Tirador (2007)
Tirador (Brillante Mendoza, 2007)
English Title: Slingshot
In Brillante Mendoza's Manoro (The Teacher, 2006), Jonalyn, a young Aeta girl attempts to teach her tribe to read and write so that they can vote during the upcoming elections. Along with her father, she traverses into the wilderness to look for her grandfather, the lone Aeta whom she needs to convince to be taught how to read and write. The grandfather only appears near the end of the film when Jonalyn, alone and defeated, sits by the voting precinct. Along with the wild boar which he caught while hunting for days in the wilderness, the two of them go back to camp to celebrate not the fact that almost the entire tribe has for the very first time voted, but the fact that they have food to eat and that they are alive. Manoro, for all its extraneous advertising of Jonalyn's heroic efforts to have her tribe take part in the Philippines' democratic process is actually about the insignificance of democracy. The film can be aptly summarized by the grandfather's parting words: "that doesn't make me less of a man," referring to his having failed to take part in the elections.

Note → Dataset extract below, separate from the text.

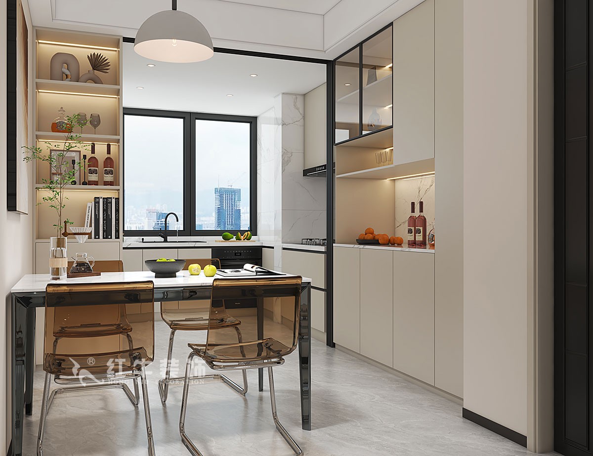 客餐廳空間很規整,通過細節的處理打造輕松舒適的現代風居家環境。

Tirador (Slingshot) is the urban equivalent of Manoro. While the two may have dissimilar milieus (the former is set in the filthy slums of Quiapo, Manila; while the latter, in the pristine forests of rural Pampanga), energies (the former relishes in its perpetual state of motion; the latter is far more relaxed), and predisposition (the former is bathed with gloom and cynicism, the latter is more hopeful), the two films nevertheless share the same lack of trust and apprehension for the Philippine political and democratic system.
Tirador opens during the dead hours of the night, where couples are noisily fucking each other with only plywood walls separating their moans from the cries of the neighbors' startled baby, junkies are taking crystal meth out in the open, and hustlers are busy servicing their clients. A man walks around the slums to warn the dwellers about the impending arrival of the cops, causing the crooks on the run to scramble towards convenient hiding places, which include filthy canals and narrow alleyways. Once the cops arrive, the film starts to burst with energy, with the camera rapidly capturing every sensational bit of action as each resident is persuaded, threatened, pushed and forced to be lined up in the basketball court for proper identification, and eventual imprisonment. The following morning, the men are freed by a political candidate, hoping that his gift of temporary freedom will be remembered by the crooks and their families once the day of elections arrives.
Tirador continues on that note of despondence. Survival, the film's vocabulary which is unfortunately limited to words that connote pessimism, is devoid of any of the euphemism humanity has attributed to it, but primarily exists in its most basic, most animalistic sense. Men prey on men, comrades cheat on fellow comrades, and virtues like honor, respect, and honesty become misplaced in a community where the nagging urge to just last another day reigns supreme. The film bounces from one resident's petty crime to another, usually examined with the intricacy, frankness and vigor of an enterprising documentarian. Much has been written about Mendoza's visual style, frenzied yet voyeuristic and observant (the last two descriptions basically differentiate Mendoza's camera work with Paul Greengrass' famed visual incomprehensions). The camera never allows itself to rest as it eternally races along with its several dangerous subjects to what feels like grating repetition.
The result of Mendoza's virtuosity with the handheld camera and the seemingly endless narrative may feel tedious, most especially because the film seems to be perpetually bathing in a formidable atmosphere of danger, depression, and grimness. It is precisely because of this intended inhumanity that the film manages to accurately approximate this soulless and heartless dimension of humanity, arguably endemic in a nation wherein democracy, religion and extreme poverty miraculously coexists.
Tirador concludes with a prayer rally which is graced by several politicians who have prepared speeches about their virtues and their promises for change for the thousands of devotees, all of whom are potential voters. Among the devotees are Mendoza's subject slum dwellers, complete with candles and authentic looks of pious hope. Before the credits roll, the camera catches something that is both startling yet unsurprising: one of the slum dwellers' hand reaches down the pockets of an unsuspecting victim. There is no change, there probably will never be change. In the midst of the heights of democratic and religious exercise, nothing can ever qualm the alarming need to for food, for sex, and for a brand new set of dentures.